Formulation of peginterferon alfa-2a and peginterferon alfa-2b

Pegylation is the process of covalent attachment of polyethylene glycol (PEG) polymer chains to another molecule, normally a drug or therapeutic protein. In general, pegylation results in improved pharmacokinetic and pharmacodynamic properties, increased drug stability, overall half-life and changes in tissue distribution pattern and elimination pathways. Molecular weight, configuration (linear or branched), and means of attachment of the PEG moiety are the primary contributors to the physicochemical properties of the PEG-peptide conjugate. Attachment of PEG at multiple sites can lead to steric interference between the compound and its receptor, which reduces the biologic activity of the conjugate. Pegylated interferon alfa-2a consists of a 40-kDa branched PEG moiety covalently attached to an interferon alfa-2a molecule. Pegylated interferon alfa-2b consists of a 12-kDa linear PEG molecule covalently attached to an interferon alfa-2b molecule. The branched PEG formulation has many advantages compared with the linear one. Although the 2 PEG molecules are of the same molecular mass, the branched PEG molecule acts as if it were much larger than the corresponding linear molecule. In addition, the branched-chain PEG conjugates have greater thermal and pH stability, are more resistant to proteolytic degradation, and are less antigenic because of the shielding of the attached polypeptide from the immune system. Key differences in the formulation of peginterferon alfa-2a and peginterferon alfa-2b are summarized in Table 1 .
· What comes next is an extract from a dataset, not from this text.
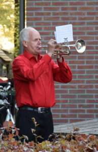 Op de parkeerplaats voor de kerk, werd de 2 minuten stilte in acht genomen en werd de Last Post geblazen door Jan Huizing van Harmonie Orkest Noordenveld.

Pharmacokinetics of peginterferon

The difference in pegylation between the 2 peginterferons has a significant effect on their pharmacokinetic properties. Peginterferon alfa-2b has a relatively rapid absorption rate, with a half-life of 4.6 hours and a volume of distribution of 0.99 L/kg, which are not significantly different from those of standard interferon alfa-2b (2.3 hours and approximately 1.4 L/kg, respectively). Maximum serum concentrations are achieved between 15 and 44 hours postdosing and are maintained for 48 to 72 hours, with a peak to trough ratio of greater than 10 after multiple doses. However, mean apparent clearance for pegylated interferon alfa-2b (22 mL/h/kg) is approximately one-tenth of that of nonpegylated interferon alfa-2b (231 mL/h/kg). Thus, the observed increase in the clinical efficacy of peginterferon alfa-2b is principally the result of reduced renal clearance rather than of the effects of pegylation on the rate of absorption or distribution.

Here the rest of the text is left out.